Superalloys used for aerospace fastener require a combination of mechanical strength, notch toughness, elevated temperature capability and corrosion/oxidation resistance.
Typical superalloy requirements
Mechanical strength requirements might include tensile, shear, fatigue, creep and/or stress rupture strengths, depending on the application demands. Strength requirements have increased as new developments in engine design and other technologies have arisen.
The continual need for greater thrust output and better fuel efficiency has resulted in faster-spinning, hotter-running gas turbine engines.
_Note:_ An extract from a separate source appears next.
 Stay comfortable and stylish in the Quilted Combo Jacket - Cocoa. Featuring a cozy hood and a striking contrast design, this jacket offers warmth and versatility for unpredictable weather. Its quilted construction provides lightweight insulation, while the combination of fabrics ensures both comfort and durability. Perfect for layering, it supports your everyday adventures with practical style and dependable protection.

This, in turn, has created the need for alloys that can withstand higher stresses and temperatures, a trend that is expected to continue.
Another critical material property is the ability to resist corrosion at ambient and elevated temperatures, including general corrosion, crevice corrosion, stress corrosion, oxidation and sulfidation. For joints exposed to potentially corrosive environments, the fastener should be galvanically compatible with the joint. That is, the materials used should be relatively close on the galvanic series. If this is not practical, platings or coatings can be applied to the “noble” corrosion resistant fasteners to promote galvanic compatibility with structures assembled from more “active” materials, such as aluminum alloys.
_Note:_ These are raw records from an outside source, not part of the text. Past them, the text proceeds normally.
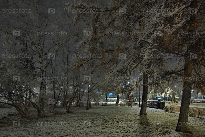 Новокузнецк, Россия. 01 ноября 2024 года. Живописный вид на деревья городского парка, покрытые первым осенним снегом и подсвеченные фонарями холодного света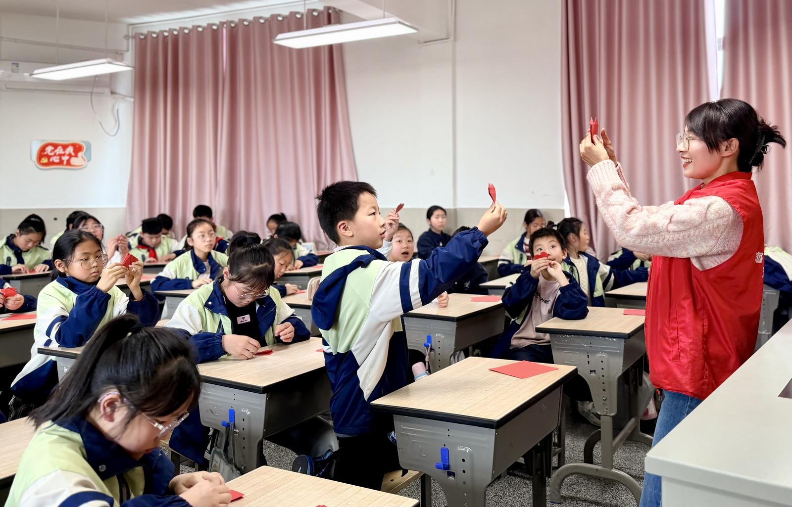 张思德无私奉献的故事深深打动了孩子们。随后,在志愿者的带领下,大家开始了“折爱心”环节。红色的彩纸在稚嫩的指尖翻转、折叠,不一会儿,一颗颗饱含深情的“爱心”便跃然桌上。“张思德爷爷,您是我们学习的榜样!”“我也要做一个全心全意为人民服务的人!”……一折一划,都融入了孩子们对英雄最纯真的敬意。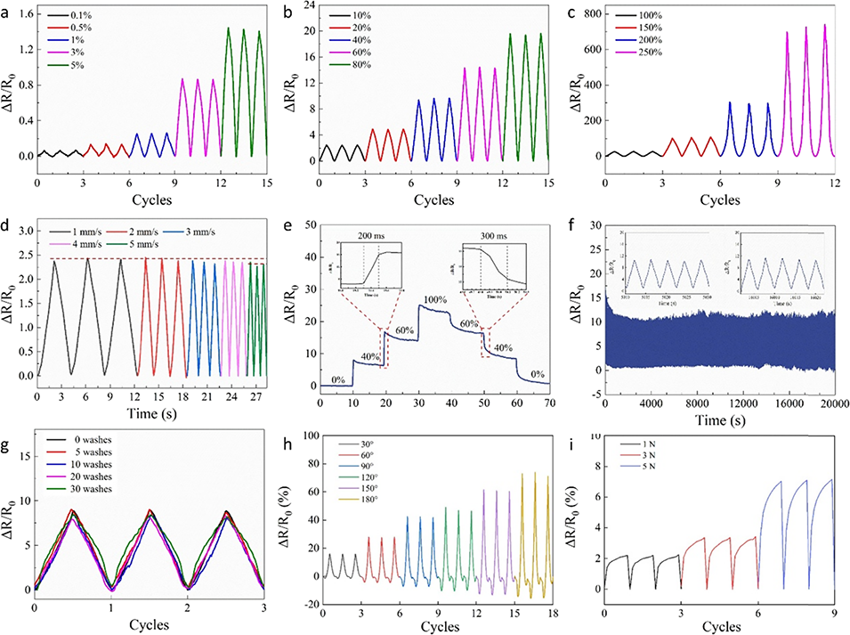 图 4. (a−c) PANI/TPU@PNW 纤维在 0.1% 至 250% 循环拉伸应变下的相对电阻变化。(d) PANI/TPU@PNW 纤维在 10% 应变下不同循环应变速率的相对电阻变化。(e) PANI/TPU@PNW 纤维在 0% 至 100% 准瞬态阶跃应变下的相对电阻变化及响应时间。(f) PANI/TPU@PNW 纤维在 50% 应变下经受 5000 次循环的相对电阻变化。(g) PANI/TPU@PNW 纤维在不同洗涤次数后的相对电阻变化。(h) PANI/TPU@PNW 纤维在不同循环弯曲角度下的相对电阻变化。(i) PANI/TPU@PNW 纤维在不同循环压力下的相对电阻变化。

It is important to understand that the properties of a superalloy are not merely the result of its composition. Material processing and fastener manufacturing play roles in achieving the desired combination of properties. Cold working, thermal treatments and the sequence of critical manufacturing operations significantly enhance performance.
Marine, space and medical applications are just a few of the environments that challenge the superalloys . Other applications are...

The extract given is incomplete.